Vornehmlich Jugendliche und junge Erwachsene inhalieren das Gas über Ballons, bestenfalls gefolgt von Lachen und einem kurzen Gefühl der Entrücktheit. Weniger lustig sind dagegen Nebenwirkungen wie Bewusstlosigkeit, akustische und visuelle Halluzinationen oder anhaltende Kopfschmerzen.
Lachgas ist eine chemische Verbindung aus Stickstoff und Sauerstoff, genannt Distickstoffmonoxid.
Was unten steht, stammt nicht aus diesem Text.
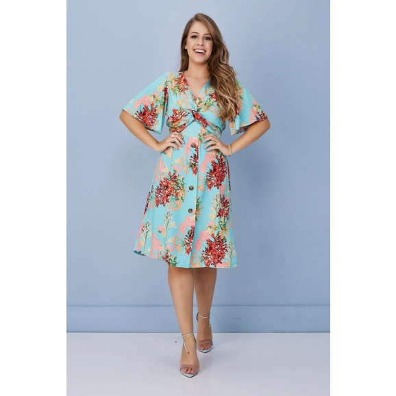 Detalhe: vestido com detalhe entrelaçado no busto, detalhe em botões, amarração nas costas. Dress lindo, fluído, a cara do verão!
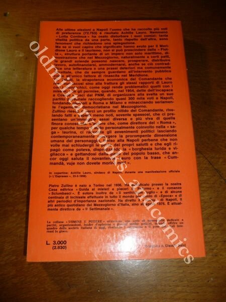 "DESCRIZIONE: Sugarco Ed. Milano 1976, br. ed. ill. col., pp. in 8°. Achille Lauro, oltre che un formidabile imprenditore, capace di trasformare la scarna flotta ereditata dal padre in un immenso impero mercantile, è stato anche una delle personalità politiche più singolari del dopoguerra italiano. Iscritto al Partito nazionale fascista nel 1933, membro della Camera dei fasci e delle corporazioni dal 1939, dopo la Liberazione trascorre alcuni mesi in prigione, accusato dagli Alleati di essersi arricchito grazie ai privilegi accordatigli dal regime. Riconquistata la libertà nell'ottobre 1945, "'o Comandante" è uno degli uomini più ricchi d'Italia. Come sindaco di Napoli, carica che ricopre dal 1951 al 1958, Lauro diventa personaggio popolarissimo e controverso, al centro di scandali finanziari e polemiche feroci sull'uso troppo disinvolto del voto di scambio. Assiste alla fine del centrismo di De Gasperi, è avversario di Fanfani ma sostiene con vigore i governi più moderati targati Dc, dialoga con il Msi di Almirante fino a riunire sotto le insegne del Partito democratico di unità monarchica i nostalgici della corona. Gaudente, donnaiolo, narcisista, padrone di quotidiani e della squadra di calcio del Napoli, dopo la morte della prima moglie Angelina sposa nel 1970, all'età di ottantaquattro anni, la giovanissima Eliana Merolla. L'"ultimo re di Napoli" muore nel 1982, ultranovantenne, al termine di una vita non priva di disgrazie (il primogenito Gioacchino muore prematuramente, la flotta mercantile finirà per essere travolta dalle inchieste giudiziarie). CONDIZIONI: Perfette. PESO / WEIGHT: 300 gr. without package"

Wegen seiner betäubenden Wirkung wurde es Mitte des 19. Jahrhunderts erstmals in der Medizin für Narkosen eingesetzt. Eine längere Tradition hat es allerdings als Rauschmittel. Bereits kurz nach seiner Entdeckung in England in den 1770er Jahren machte es auf Partys der britischen Oberschicht als "Paradiesgas" die Runde. In den 1970er Jahren erfuhr es ein Revival auf Musikfestivals und war unter Hippies gefragt.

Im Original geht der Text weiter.